EXERCISE GOAL :: Leave out the pictures, and retype only the lines from the beginning of the material through the line that contains "Special Offer Juego", including both.

==== PROVIDED MATERIAL

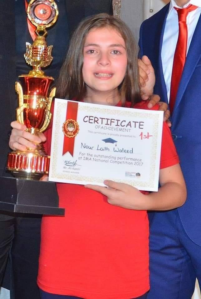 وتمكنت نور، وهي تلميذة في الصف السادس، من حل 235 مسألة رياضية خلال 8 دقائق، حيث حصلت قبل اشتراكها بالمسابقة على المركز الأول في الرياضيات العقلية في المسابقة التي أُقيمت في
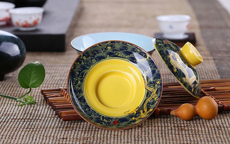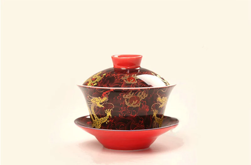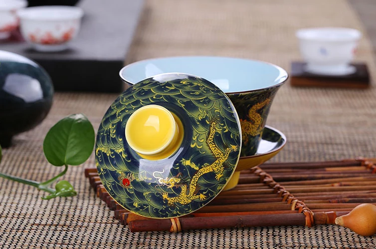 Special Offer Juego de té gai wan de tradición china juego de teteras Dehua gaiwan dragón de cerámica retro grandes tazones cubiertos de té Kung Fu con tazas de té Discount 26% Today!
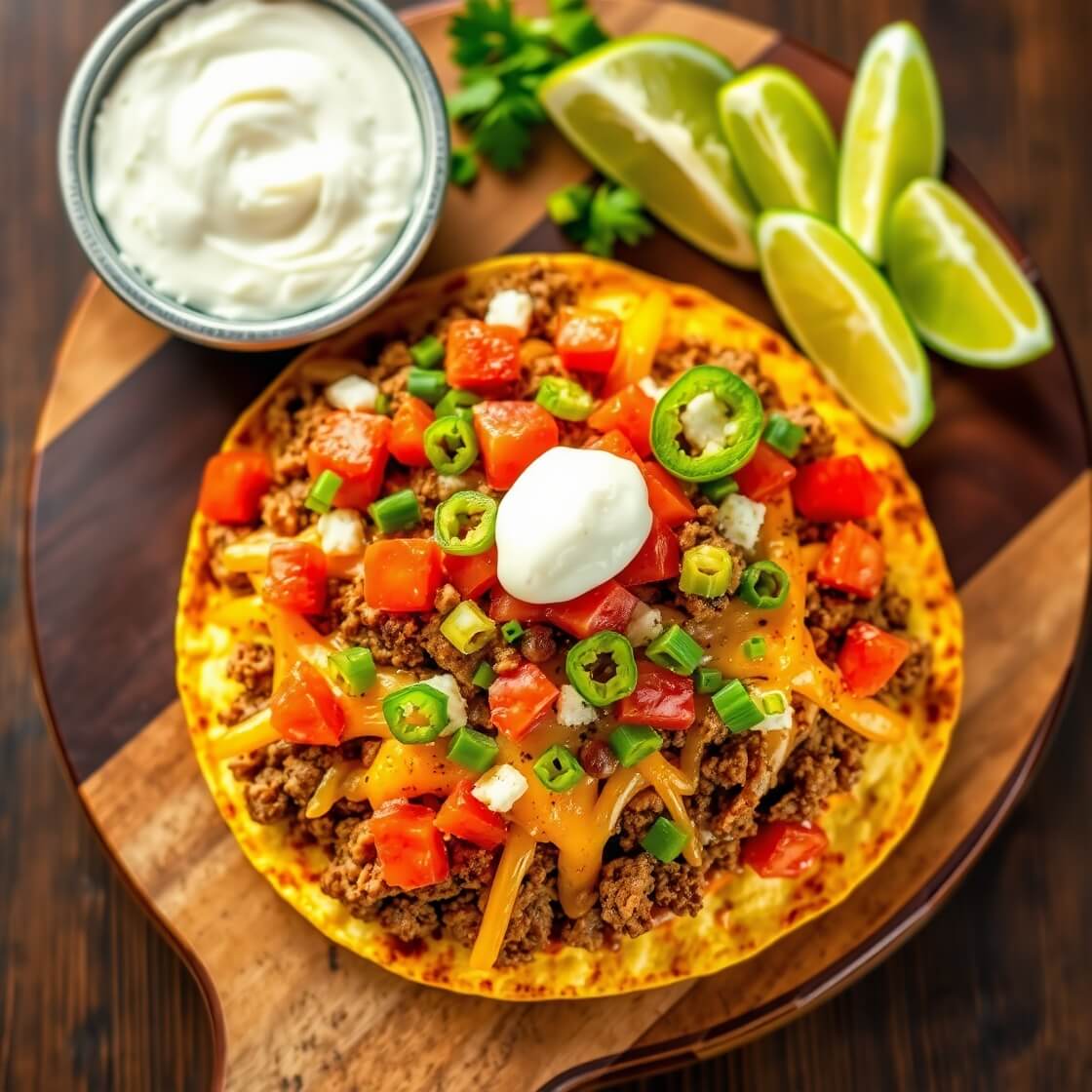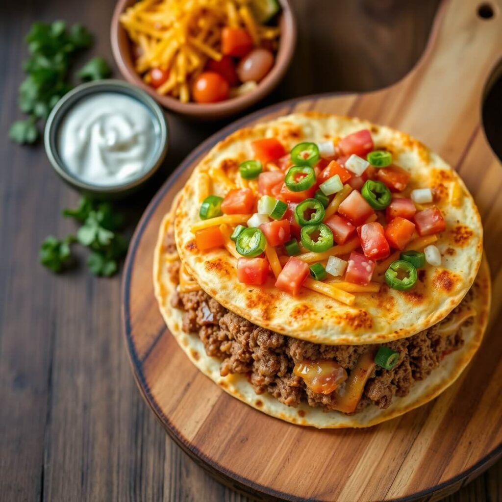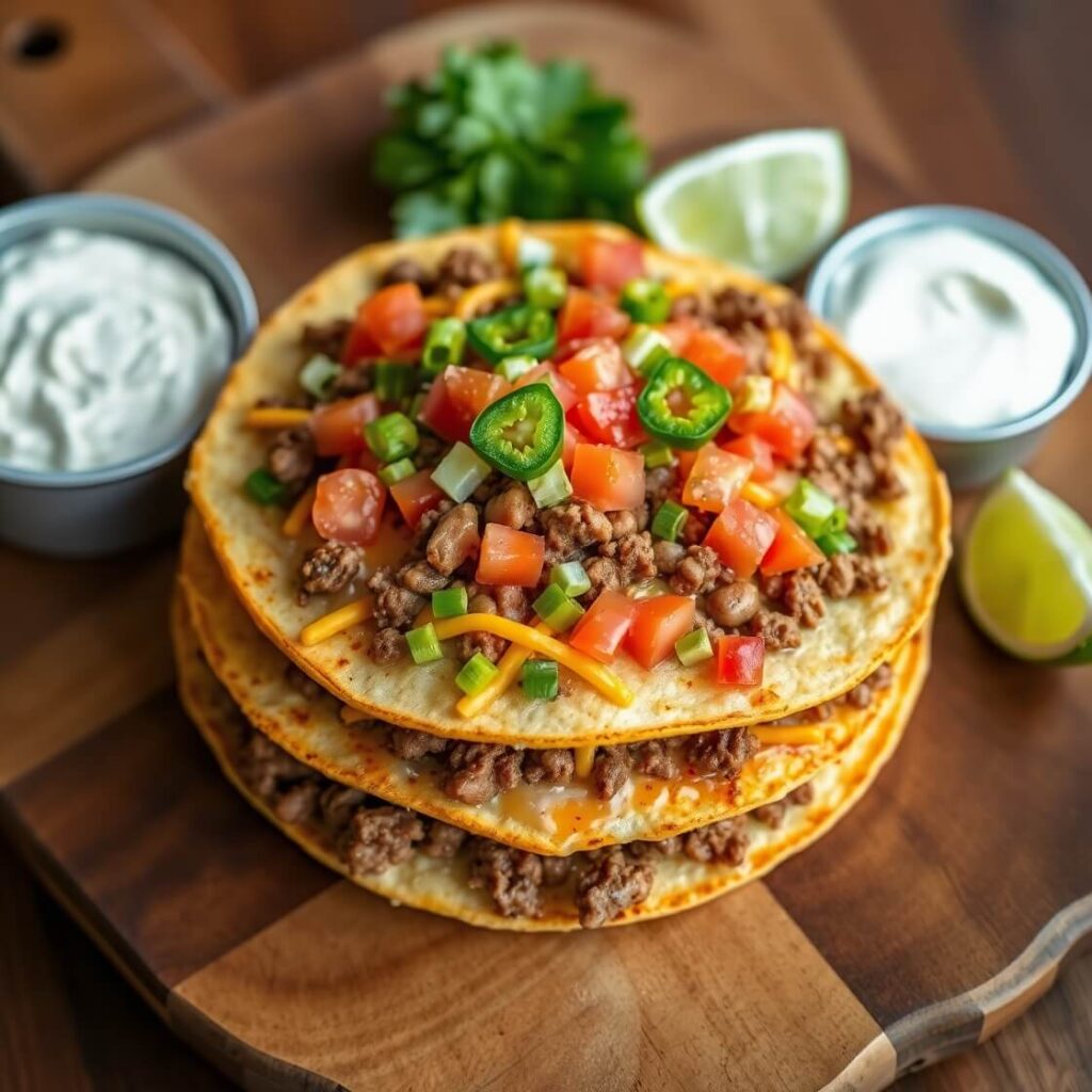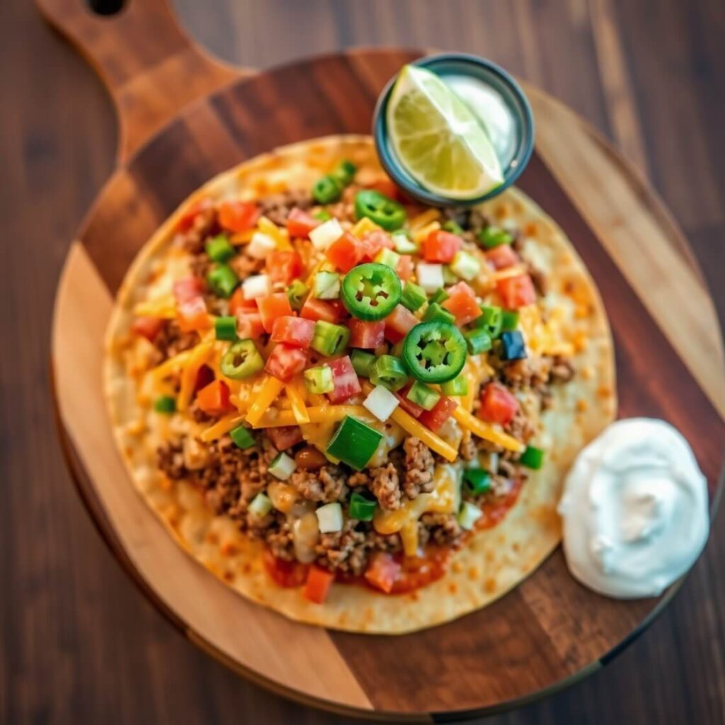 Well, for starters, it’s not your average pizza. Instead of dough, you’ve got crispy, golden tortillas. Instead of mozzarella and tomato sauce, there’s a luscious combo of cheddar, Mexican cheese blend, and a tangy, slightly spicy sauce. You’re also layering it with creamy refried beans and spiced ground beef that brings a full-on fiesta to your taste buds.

========

EXERCISE RESULT ::
 وتمكنت نور، وهي تلميذة في الصف السادس، من حل 235 مسألة رياضية خلال 8 دقائق، حيث حصلت قبل اشتراكها بالمسابقة على المركز الأول في الرياضيات العقلية في المسابقة التي أُقيمت في
 Special Offer Juego de té gai wan de tradición china juego de teteras Dehua gaiwan dragón de cerámica retro grandes tazones cubiertos de té Kung Fu con tazas de té Discount 26% Today!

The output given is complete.